> [WHAT IS NEEDED]
For this listing, reproduce the line with "Pouze 30 minut", the line with "クーポンコード「HLD20」", and the lines between, exactly as they stand. Leave out pictures and all other lines.

> [DATA PROVIDED]
_ _ _ _

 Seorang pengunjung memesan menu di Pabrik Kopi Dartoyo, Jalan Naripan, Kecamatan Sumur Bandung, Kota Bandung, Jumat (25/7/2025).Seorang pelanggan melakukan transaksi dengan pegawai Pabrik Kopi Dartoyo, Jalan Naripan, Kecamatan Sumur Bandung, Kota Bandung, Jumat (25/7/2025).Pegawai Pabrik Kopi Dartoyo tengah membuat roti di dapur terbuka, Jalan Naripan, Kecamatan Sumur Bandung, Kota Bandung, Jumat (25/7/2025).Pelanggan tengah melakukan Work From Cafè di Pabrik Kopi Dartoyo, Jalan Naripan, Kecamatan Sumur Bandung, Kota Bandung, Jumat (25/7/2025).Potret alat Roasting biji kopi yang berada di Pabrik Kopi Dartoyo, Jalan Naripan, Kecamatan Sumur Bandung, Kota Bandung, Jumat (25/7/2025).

_ _ _ _

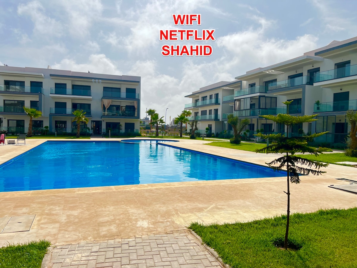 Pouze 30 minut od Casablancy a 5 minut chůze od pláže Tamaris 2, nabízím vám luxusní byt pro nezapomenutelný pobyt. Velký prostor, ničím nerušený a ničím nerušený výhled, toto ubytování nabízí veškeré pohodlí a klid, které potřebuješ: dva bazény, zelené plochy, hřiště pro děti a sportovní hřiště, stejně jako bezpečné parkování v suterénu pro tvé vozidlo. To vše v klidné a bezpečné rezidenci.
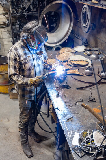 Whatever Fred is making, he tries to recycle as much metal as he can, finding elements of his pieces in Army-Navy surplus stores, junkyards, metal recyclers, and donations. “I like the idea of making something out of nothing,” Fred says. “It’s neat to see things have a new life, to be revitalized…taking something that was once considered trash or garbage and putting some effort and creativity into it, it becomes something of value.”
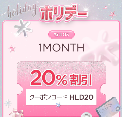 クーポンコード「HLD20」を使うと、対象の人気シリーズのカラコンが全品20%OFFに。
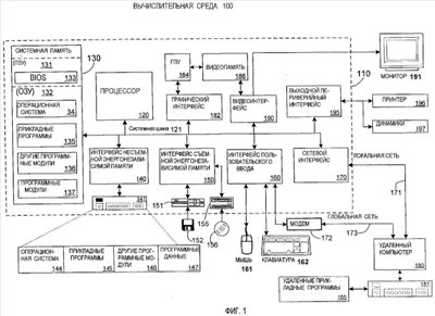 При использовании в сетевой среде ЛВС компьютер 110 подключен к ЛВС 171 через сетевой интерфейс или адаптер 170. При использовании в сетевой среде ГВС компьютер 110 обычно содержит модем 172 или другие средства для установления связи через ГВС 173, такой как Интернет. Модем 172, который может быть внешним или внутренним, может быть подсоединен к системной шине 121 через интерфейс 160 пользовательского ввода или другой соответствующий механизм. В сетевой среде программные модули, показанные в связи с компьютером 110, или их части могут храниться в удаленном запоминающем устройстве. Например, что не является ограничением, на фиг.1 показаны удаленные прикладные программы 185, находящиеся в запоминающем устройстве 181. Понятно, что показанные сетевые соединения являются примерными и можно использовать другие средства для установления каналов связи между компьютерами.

_ _ _ _

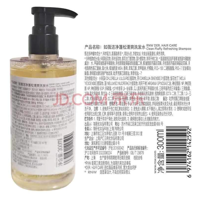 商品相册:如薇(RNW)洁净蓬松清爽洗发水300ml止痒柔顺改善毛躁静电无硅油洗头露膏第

_ _ _ _

> [TASK RESULT]
 Pouze 30 minut od Casablancy a 5 minut chůze od pláže Tamaris 2, nabízím vám luxusní byt pro nezapomenutelný pobyt. Velký prostor, ničím nerušený a ničím nerušený výhled, toto ubytování nabízí veškeré pohodlí a klid, které potřebuješ: dva bazény, zelené plochy, hřiště pro děti a sportovní hřiště, stejně jako bezpečné parkování v suterénu pro tvé vozidlo. To vše v klidné a bezpečné rezidenci.
 Whatever Fred is making, he tries to recycle as much metal as he can, finding elements of his pieces in Army-Navy surplus stores, junkyards, metal recyclers, and donations. “I like the idea of making something out of nothing,” Fred says. “It’s neat to see things have a new life, to be revitalized…taking something that was once considered trash or garbage and putting some effort and creativity into it, it becomes something of value.”
 クーポンコード「HLD20」を使うと、対象の人気シリーズのカラコンが全品20%OFFに。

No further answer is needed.